Sunday, January 2, 2011

What I Ate Over Christmas Break




I kind of love my family's holiday food traditions. Somehow, we've managed to cobble together a series of meals that captures every element of our Texan/Southern/Scottish/Danish/Spanish family history. It starts in early December, when we get two Danish kringles delivered from a mail-order company in Racine, Wisconsin--one from my dad in Columbia, South Carolina, and one from my Great Aunt and Uncle in Atlanta. On Christmas Eve, at Hannah's house in Georgetown, Texas, we eat carne guisada and tamales: probably my favorite meal of the year. For Christmas dinner, Hannah's mom roasts an amazing beef tenderloin. On New Years, Hannah and I drink cava, not champagne, and make my grandmother's recipe for hoppin' john and collared greens (see picture).

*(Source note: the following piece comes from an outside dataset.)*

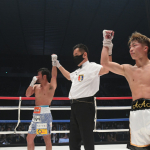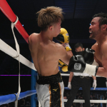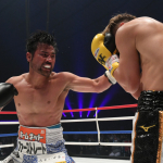 比嘉の猪突猛進な攻撃に井上が的確にパンチをヒットさせる©LEGEND

But for this post I want to give you the recipe for our Christmas morning breakfast, aebelskiver. Aebelskiver are round Danish pancakes, cooked in a special pan that I thought, growing up, no one in the world owned except for my mom.



Until I met Hannah. You see, our fathers are both of Danish extraction, by way of the Midwest, and each of their mothers taught their non-Danish daughters-in-law (our mothers) how to make these delectable treats. The batter recipe is simple:

4 cups buttermilk
4 cups flour
1 tablespoon sugar
4 eggs
1 teaspoon salt
3 tablespoons baking soda

The trick is in cooking them thoroughly and evenly. They have to be turned at just the right moment: my Grandma Rosie taught my mom to do it with a knitting needle; Hannah's mom does just fine with a fork. But you can only learn when to turn them through experience and intuition. It will take a few tries, but when you finally get them right, eat them hot with butter and powdered sugar.